Breakdown of agreement between non-relativistic and relativistic quantum dynamical predictions in the non-relativistic regime

TL;DR

This paper challenges the common assumption that non-relativistic quantum mechanics always approximates relativistic predictions well in the non-relativistic regime, showing that the two can diverge significantly and that relativistic effects may be necessary for accurate quantum dynamics analysis.

Contribution

It provides a theoretical argument and numerical evidence demonstrating the breakdown of agreement between relativistic and non-relativistic quantum predictions in the non-relativistic regime, highlighting the need for relativistic quantum mechanics.

Findings

Agreement between theories can break down quickly for certain systems.

Breakdown can occur before spontaneous emission in hydrogen atom.

Relativistic quantum mechanics is necessary for accurate dynamics after breakdown.

Abstract

To study quantum dynamics in the non-relativistic regime, the standard practice is to use non-relativistic quantum mechanics, instead of the relativistic theory, because it is thought the approximate non-relativistic result is always close to the relativistic one.

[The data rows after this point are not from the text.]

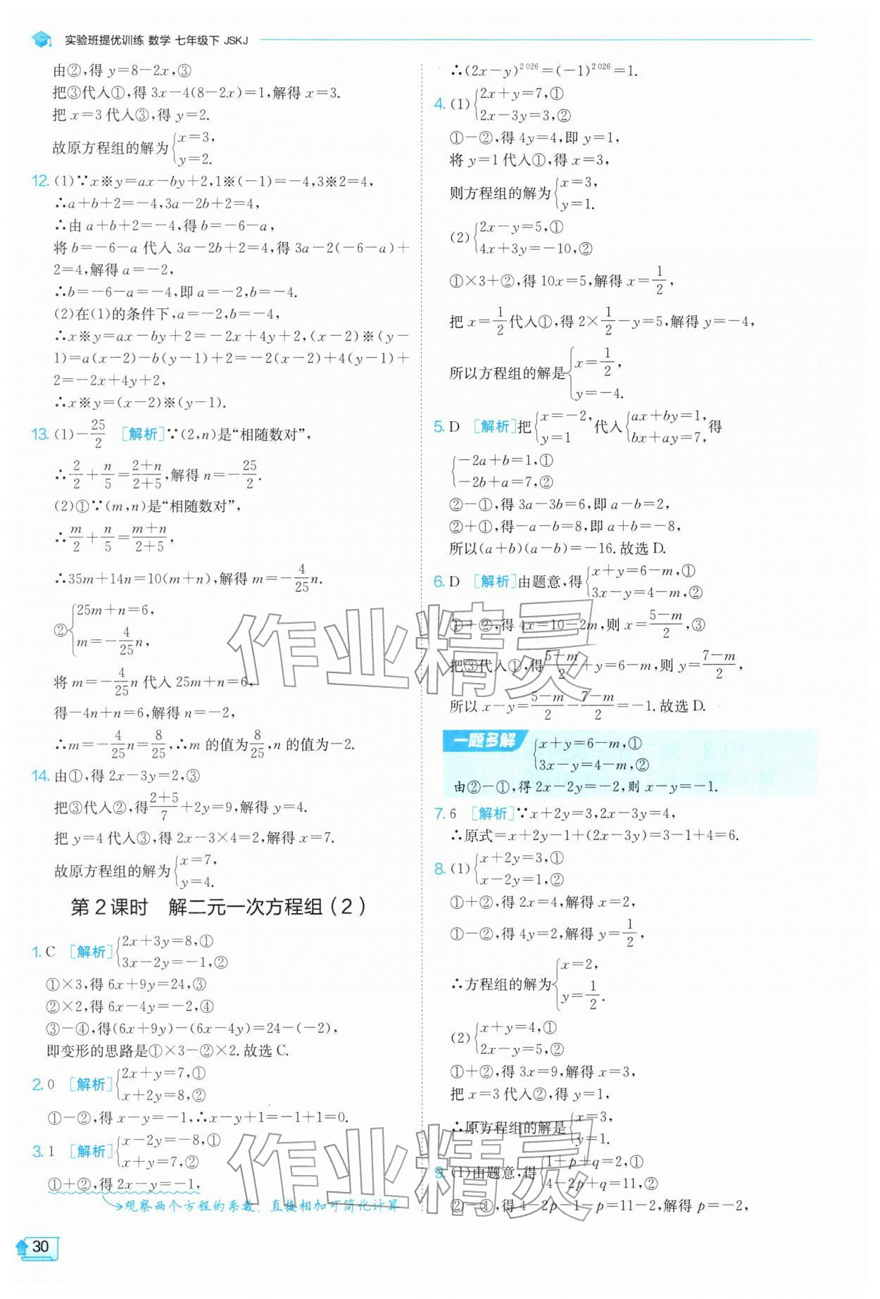 2026年实验班提优训练七年级数学下册苏科版参考答案第30页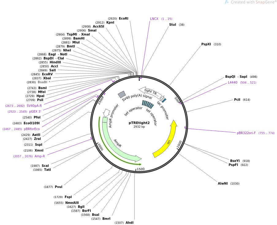 质粒名称:pTREtight2 质粒编号:19407 质粒备注: (Empty Backbone) 载体名称:pTREtight 载体大小:2932 载体类型:哺乳动物表达 原核抗性:氨苄青霉素,100μg/mL 培养温度:37℃ 克隆菌株:DH5alpha 高拷贝/低拷贝:高拷贝 插入基因:empty vector 克隆方法:限制性内切酶 5'测序引物:T7 3'测序引物:T7 Term 质粒图谱: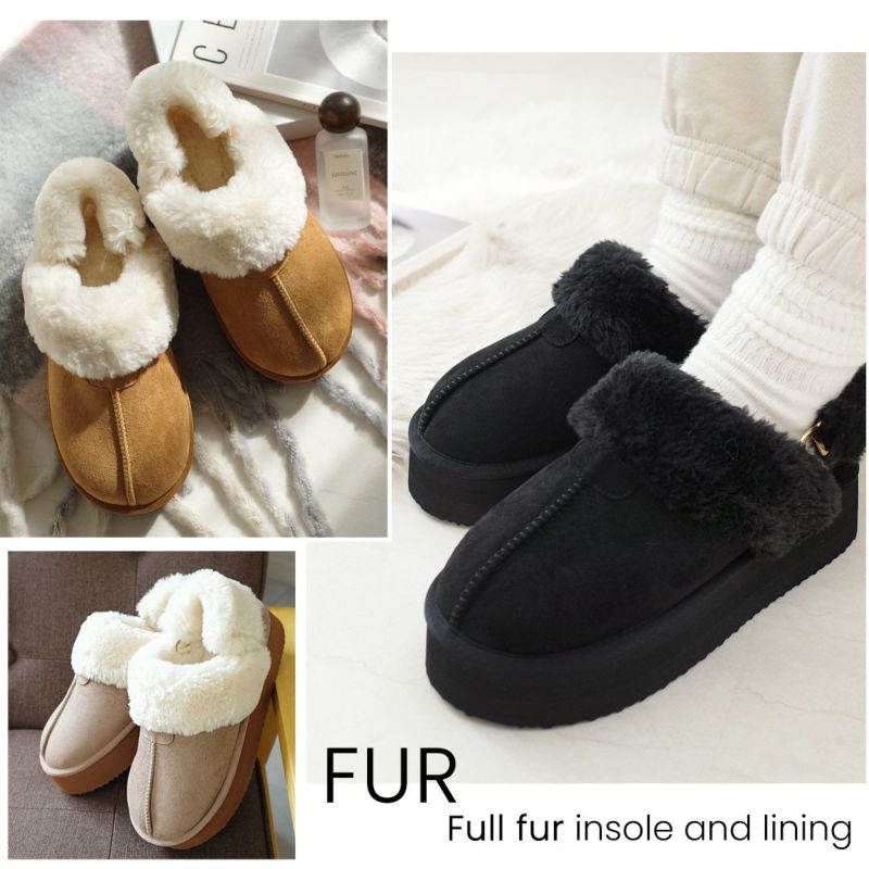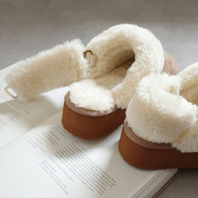 内側や中敷、ストラップにファーをたっぷりと使用し、ふわふわの履き心地で、防寒効果もばっちり。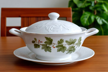 Porcelain soup tureen decorated with botanical pattern serving dinner on a wooden table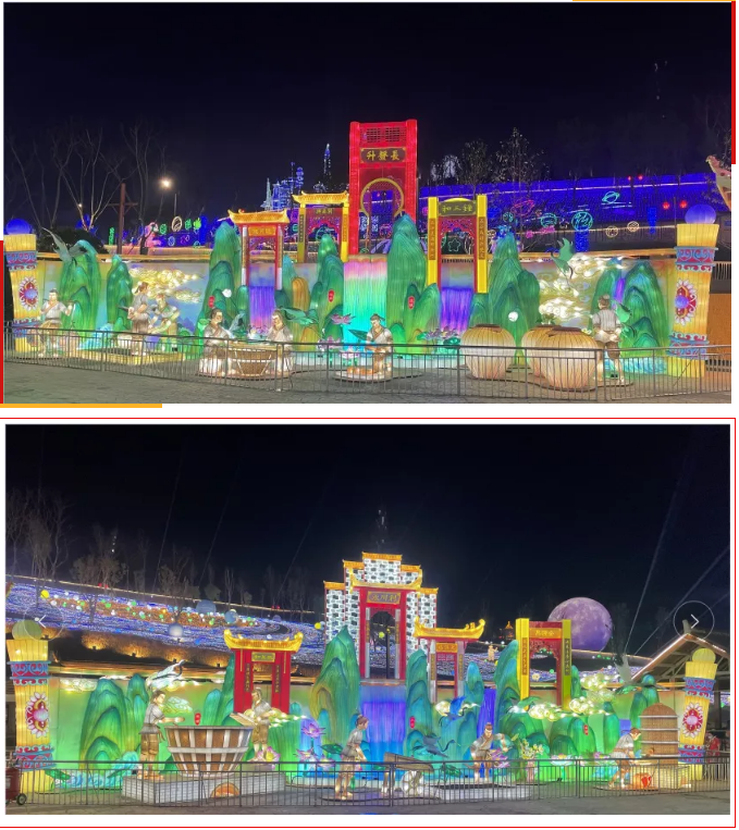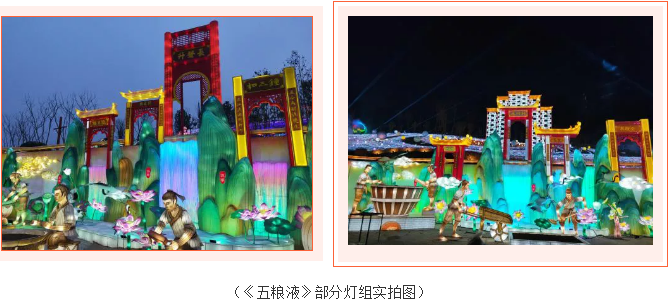 《五糧液》主燈組采用第八代五糧液酒瓶運(yùn)用自貢彩燈傳統(tǒng)工藝?yán)υ删扌臀寮Z液,輔以仙山、仙境、巨龍騰越氛圍闡釋五糧傳奇,杯酒時(shí)光,百年味道。周邊群燈組展示封存在時(shí)光中的“活窖池”--利川永、張萬和、劉鼎興、天賜福、聽月樓、全恒昌等八家明代釀酒作坊,歷史悠久的古窖池群講述著傳承幾百年的五糧液釀酒工藝,折射幾千年氤氳酒香的中國(guó)酒歷史和酒文化。
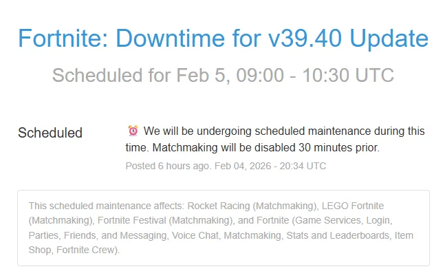 Epic Gamesは2月5日、v39.40アップデートを日本時間の2月5日午後6時に実施すると告知しました。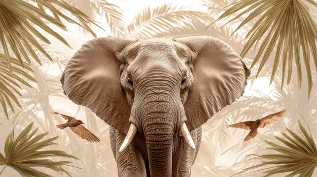 A black and white jungle animal wallpaper mural illustration depicts a tropical botanical landscape with palm trees, plants, elephants, and an elephant.

Here we present a theoretical argument that this expectation is not true in general. In addition, supporting numerical evidence for the free rotor and hydrogen atom also shows the agreement between the two theories can break down quickly. For the radial Rydberg wave packet in hydrogen atom, the breakdown can occur before spontaneous emission and thus could be tested experimentally. Our surprising result shows relativistic quantum mechanics must be used, instead of the approximate non-relativistic theory, to correctly study quantum dynamics in the non-relativistic regime after the breakdown time. This paradigm shift opens a new avenue of research in a wide range of fields from atomic to molecular, chemical and condensed-matter physics.